Metode Multy-Sensory
Dengan
metode yang terintegrasi, disini anak akan diajarkan mengeja tidak hanya
berdasarkan apa yang didengarnya lalu diucapkan kembali, tapi juga memanfaatkan
kemampuan memori visual (penglihatan) serta taktil (sentuhan). Dalam
prakteknya, mereka diminta menuliskan huruf-huruf di udara dan di lantai, membentuk
huruf dengan lilin (plastisin), atau dengan menuliskannya besar-besar di
lembaran kertas. Cara ini memungkinkan terjadinya asosiasi antara pendengaran,
penglihatan, dan sentuhan. Sehingga mempermudah otak bekerja dengan mengingat
kembali huruf-huruf.
b.
Membangun Rasa Percaya Diri
Gangguang disleksia pada anak-anak
sering tidak dipahami dan diketahui dalam lingkungannya, termasuk orang tuanya
sendiri. Akibatnya, mereka cenderung dianggap bodoh dan lamban dalam belajar
karena tidak bisa membaca dan menulis dengan benar, seperti kebanyakan
anak-anak lain. Oleh karena itu, mereka sering dilecehkan, diejek, ataupun
mendapatkan perlakuan negatif, sementara kesulitan itu bukan disebabkan
kemalasan.
Alangkah baiknya, jika orang tua
dan guru peka terhadap kesulitan anak. Dari situ dapat dilakukan deteksi dini
untuk mencari tahu faktor penghambat proses belajarnya. Setelah ditemukan,
tentu bisa diputuskan strategi yang efektif untuk mengatasinya. Mulai dari
proses pengenalan dan pemahaman sederhana, hingga permainan kata dan kalimat
dalam buku-buku cerita sederhana.
c.
Terapi
Saat anak-anak diketahui mengalami
disleksia, patut diberikan terapi sedini mungkin, seperti terapi mengulang
dengan penuh kesabaran dan ketekunan membantu si anak mengatasi kesulitannya.

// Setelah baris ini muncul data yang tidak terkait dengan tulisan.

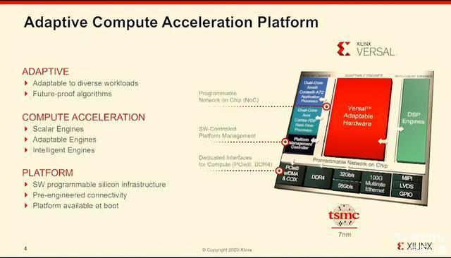 在技术发展上,赛灵思除了保持FPGA方面的优势,还从FPGA慢慢转换到了基于FPGA+AI引擎的SoC结构,并花了超过10亿美元和四年时间来开发自适应计算加速平台ACAP。ACAP是一个高度集成的多核异构计算平台,核心是新一代的 FPGA 架构,适用于加速广泛的应用,其中包括视频转码、数据库、数据压缩、搜索、AI推断、基因组学、机器视觉、计算存储及网络加速等。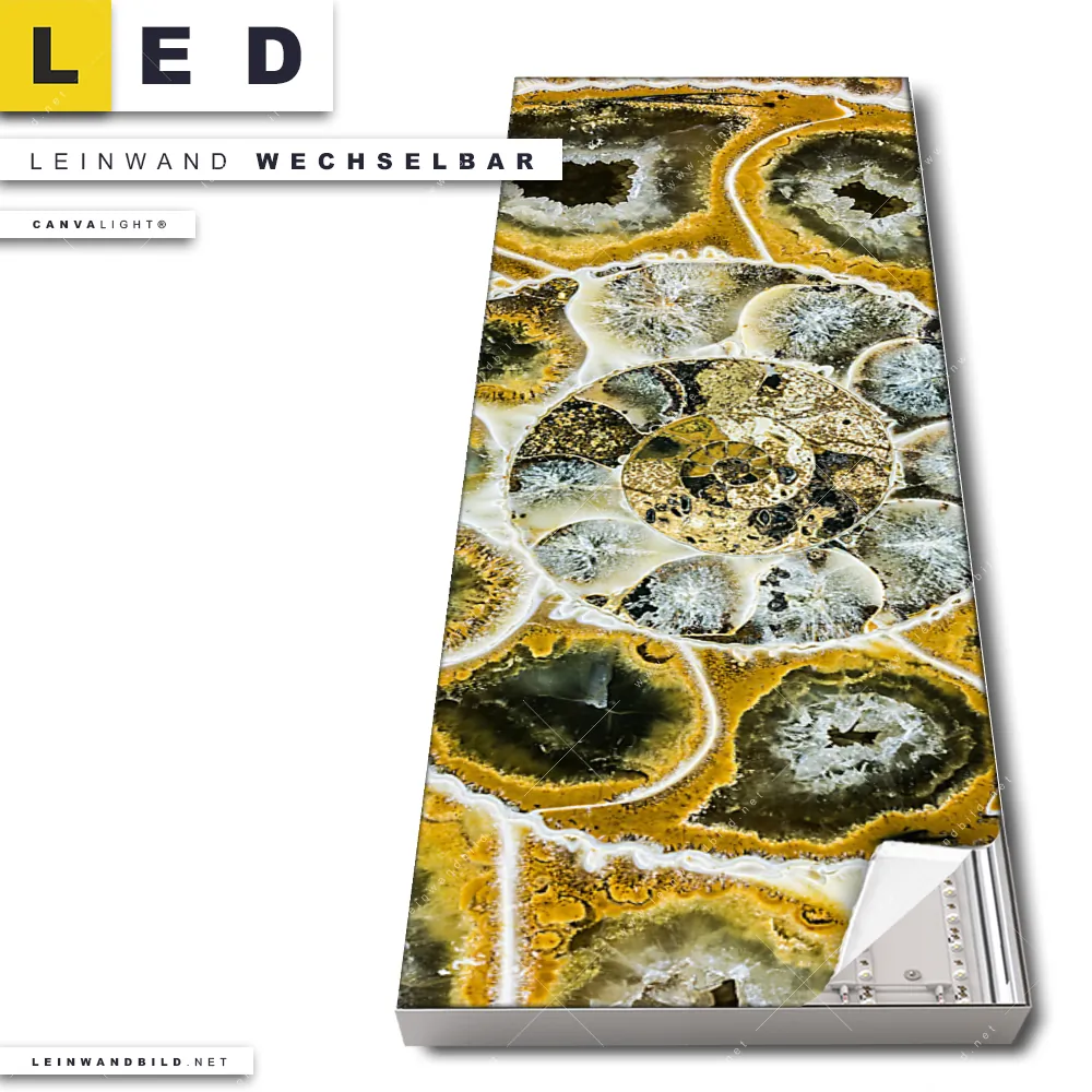 Dann sollte das LED Leinwandbild Canvalight® TEX | Muschel Fossil No. 1 | Schmal den Weg zu Dir finden. Das stufenlos dimmbare Leinwandbild schneckenförmiges Fossil im steckerfertigen Leuchtrahmen mit Fernbedienung und optionaler Farbtemperatursteuerung fügt sich als Eye-Catcher harmonisch in jedes Arzt - Praxis, Büro - Kanzlei, Wohnzimmer - Schlafzimmer Raumkonzept ein.

Anak-anak yang mengalami disleksia sering merasakan tidak dapat melakukan atau
menghasilkan yang terbaik seperti yang mereka inginkan.
Anak-anak
tertentu, khusunya disleksia tidak akan pernah mampu membaca dengan kecepatan
tinggi dan akan selalu mengalami kesulitan mengembangkan kemampuan mengeja yang
sesuai usia. Disleksia dipandang sebagai gangguan biologis yang
dimanifestasikan dengan kesulitan dalam belajar membaca dan mengeja walaupun
diberi pengajaran konvensional dan memiliki kecerdasan yang memadai.